WDU 2023: APAC & MEA in focus

Analysis of captive domiciles in the APAC and MEA regions, based on data from the 2023 World Domicile Update

 

KEY NUMBERS

2021 captives: 193

2022 captives: 201

2022 approvals: 16

2022 surrenders: 8

Net difference: +8

Growth rate: 4.15%

Surrender rate: 4.15%

2021 estimated premium: $5,517,000,000

2022 estimated premium: $5,816,000,000

Premium change: $299,000,000

2021 premium per captive: $28,588,000

2022 premium per captive: $28,933,000

 

The emerging Asia-Pacific (APAC) and Middle-East and Africa (MEA) markets make up a small slice of the global captive industry, although there is evidence captive activity is ramping up, particularly in MEA.

Four out of the five captive domiciles in MEA approved captives, and premium substantially increased. A large portion of the captive premium in these markets is attributed solely to South African captive cells.

According to the South African Reserve Bank’s latest Prudential Authority Annual Report, in 2022 the country’s five life captive cells wrote R16.7 billion, and its six non-life captive cells R30 billion, totalling around R46.7 billion ($2.5 billion).

This is a stark contrast to 2021 when five life cells wrote R13.9 billion and seven non-life captive cells wrote R28.5 billion for about R42.5 billion ($2.3 billion).

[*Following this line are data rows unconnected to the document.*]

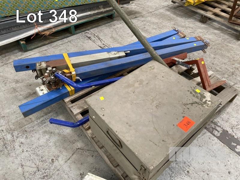 DRUM ROLLER STAND, HEAVY DUTY, TOOLS, VINTAGE US ARMY TRAVEL CASE, ETC
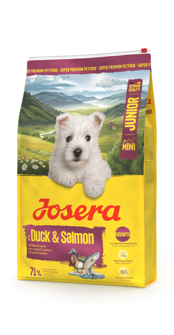 Josera Mini Junior to kompletna i lekkostrawna, w pełni zbilansowana karma powstała ze specjalnej receptury zaspokajającej potrzeby żywieniowe dorastających szczeniąt wszystkich piesków małych ras. Można zacząć ją podawać od 3 tygodnia życia naszej małej pociechy do ukończenia 8 miesiąca życia. Składniki użyte podczas produkcji tej karmy wspomogą rozwój fizyczny maluszka. Wpłyną również na rozwój funkcji mózgowych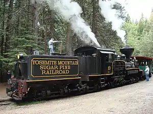 The Yosemite Mountain Sugar Pine Railroad (YMSPRR) is a historic 3 ft (914 mm) narrow gauge railroad with two operating steam train locomotives located near Fish Camp, California, in the Sierra National Forest near the southern entrance to Yosemite National Park.[1] Rudy Stauffer organized the YMSPRR in 1961, utilizing historic railroad track, rolling stock and locomotives to construct a tourist line along the historic route of the Madera Sugar Pine Lumber Company.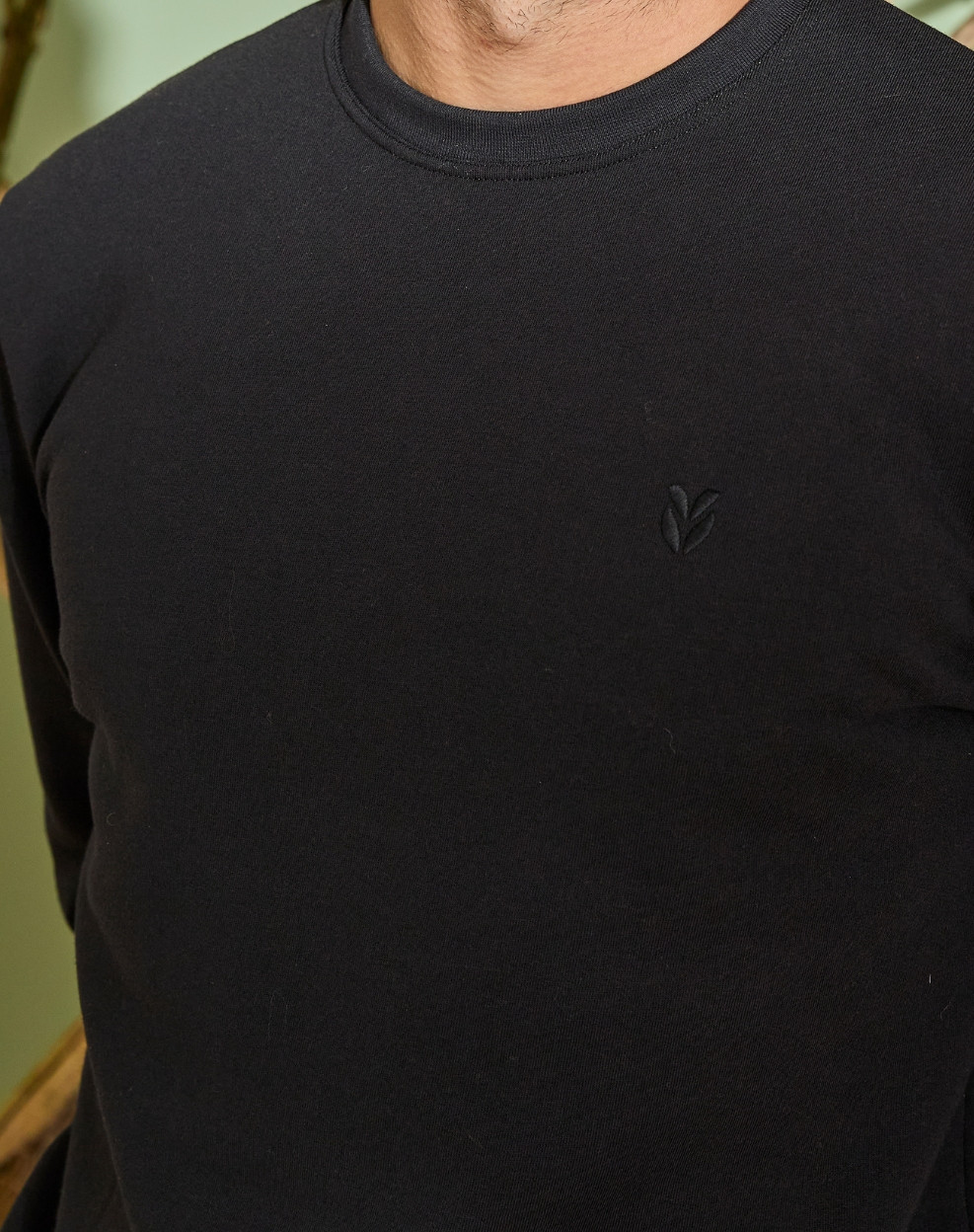 Sobriété maîtrisée. Petite broderie discrète pour signer la pièce avec élégance, bords-côtes en bas de vêtement et aux poignets pour le maintien, encolure renforcée pour une meilleure durabilité et des coutures propres qui assurent tenue et longévité.

In addition, South Africa’s non-cellular captives increased premium from around R1.1 billion ($72 million) to R1.5 billion ($93 million), and Dubai captives increased premium from $36 million to $60 million as MEA premium was estimated to have risen to $2.7 billion in 2022, from $2.4 billion the previous year.

APAC

In APAC, the performance was more moderate with captive premiums projected to have remained stable in 2022 at $3,082 million (2021: $3,085 million).

This projection is somewhat limited due to lacking Singapore’s 2022 captive premium figure, and it’s worth noting Marsh did report in its 2023 Captive Benchmarking report a 46% uptick in premium growth among its Singapore-domiciled clients between 2020 and 2022.

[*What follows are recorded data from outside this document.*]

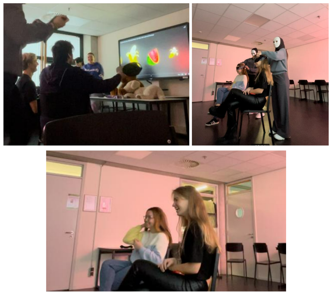 As they were blindfolded, people felt scared and fully immersed by surrounding sounds, blown air, and soft material touching them (picture 1 and 2). Some users expressed their emotions out loud by reacting "Oh S*it!", "Getta f*ck outta here!", but after taking the blindfold off their reactions consisted of yelling things like: "Let's go!!", "Yay!!","OMG", or physical reactions like sighs, dropping their shoulders or nervous/excited laughter. Some people also reacted by mentioning that "It was the best idea" because they were fully immersed in the experience by feeling scared and stressed, and in the end, all the sweat turned into happiness.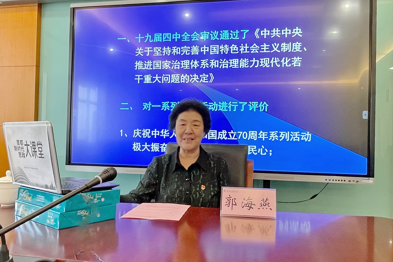 開班儀式后,中共北京市委講師團(tuán)專家團(tuán)成員、北京高校十九大精神宣講團(tuán)成員、首都師范大學(xué)郭海燕教授為同學(xué)們作了題為《增強(qiáng)制度自信,做中國特色社會(huì)主義制度的堅(jiān)定捍衛(wèi)者》的報(bào)告。郭海燕從國防建設(shè)、航空航天、抗震救災(zāi)、疫情防控等重大歷史事實(shí)出發(fā),通過中外對(duì)比和歷史分析,生動(dòng)闡釋了中國共產(chǎn)黨強(qiáng)有力的領(lǐng)導(dǎo)和中國特色社會(huì)主義制度的巨大優(yōu)越性。通過此次講座,各位學(xué)員對(duì)客觀事實(shí)和制度優(yōu)勢間的必然聯(lián)系有了更為透徹的理解,從而進(jìn)一步增強(qiáng)了“四個(gè)自信”,堅(jiān)定了入黨決心。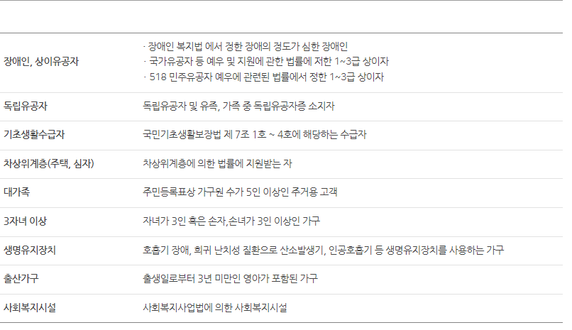 지원 대상은 한전 전기요금 복지할인 대상이면 누구나 가능하다. 복지할인 가구는 저소득층(기초생활보장 수급자, 차상위계층), 장애인, 유공자, 세 자녀 이상 가구, 대가족, 출산 가구이다. 특히 출산 가구는 출생일로부터 3년 미만인 영아가 포함된 가구를 의미하며, 소득분위, 나이와 상관없이 혜택을 받을 수 있다.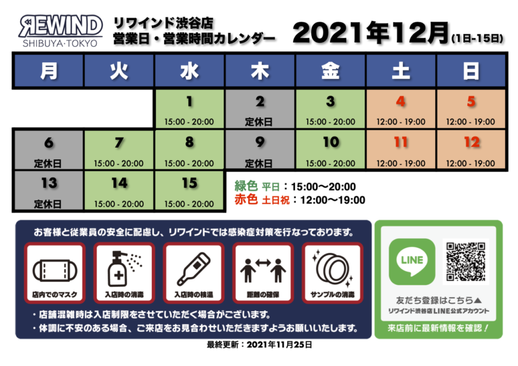 リワインド渋谷店、12月前半の営業日カレンダーは上記のとおりです。店舗ではマスク着用や、入店時の消毒・検温など、新型コロナ対策を継続し、今後もお客さま、従業員の安心安全を第一に考えて営業してまいります。ご理解、ご協力を賜りますよう、 心よりお願い申し上げます。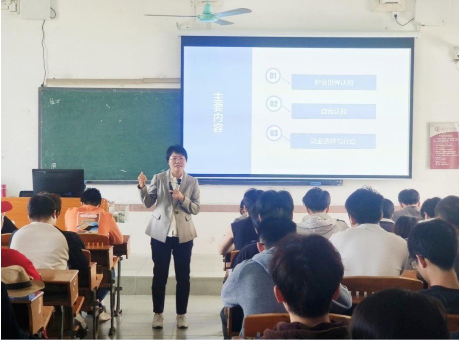 随后,何老师围绕自我认知、就业选择与行动等方面进行了详细讲解。她强调职业规划是一个长期的过程,需要不断地调整和完善。同学们要根据自己的兴趣、特长和能力,结合市场需求和行业发展趋势,制定切实可行的职业规划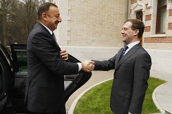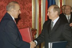 President Putin with President Heydar Aliyev of Azerbaijan during a ceremony for signing Russian-Azerbaijani documents.

However, in other APAC countries captive premiums did reduce, notably in China by about $35 million.

And even in Labuan, which had the most new formations in the region, with four captives plus a cell captive approved, the premium only grew by $2 million.

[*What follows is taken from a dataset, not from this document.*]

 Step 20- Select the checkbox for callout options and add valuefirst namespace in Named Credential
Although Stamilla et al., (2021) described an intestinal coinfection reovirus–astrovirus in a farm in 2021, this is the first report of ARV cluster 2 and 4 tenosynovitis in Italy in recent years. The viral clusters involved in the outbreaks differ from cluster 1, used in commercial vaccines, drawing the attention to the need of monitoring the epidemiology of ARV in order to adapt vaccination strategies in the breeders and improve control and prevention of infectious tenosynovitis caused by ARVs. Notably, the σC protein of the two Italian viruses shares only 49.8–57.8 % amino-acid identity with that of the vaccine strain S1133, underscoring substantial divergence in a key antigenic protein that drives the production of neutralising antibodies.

The APAC region had a total of 12 new formations overall, and net growth in captive numbers of six.

Strategic role

However, George McGhie, strategic adviser for Asia Pacific at Artex, is positive about the progress being made in the region and says he looks past the number of captives when considering growth and focuses on how captives are being used.

“I think [captives] are being used in far more significant and strategic ways than may have been the case in the past – as they help clients come to terms with rapidly developing risk and insurance market challenges,” he says. “Singapore and Labuan have solid client bases but in terms of captive numbers there’s a big gap to the established domiciles either side of the Atlantic. However, as their captive sectors are part of a broader objective for their international financial services, development is probably better defined in those terms.”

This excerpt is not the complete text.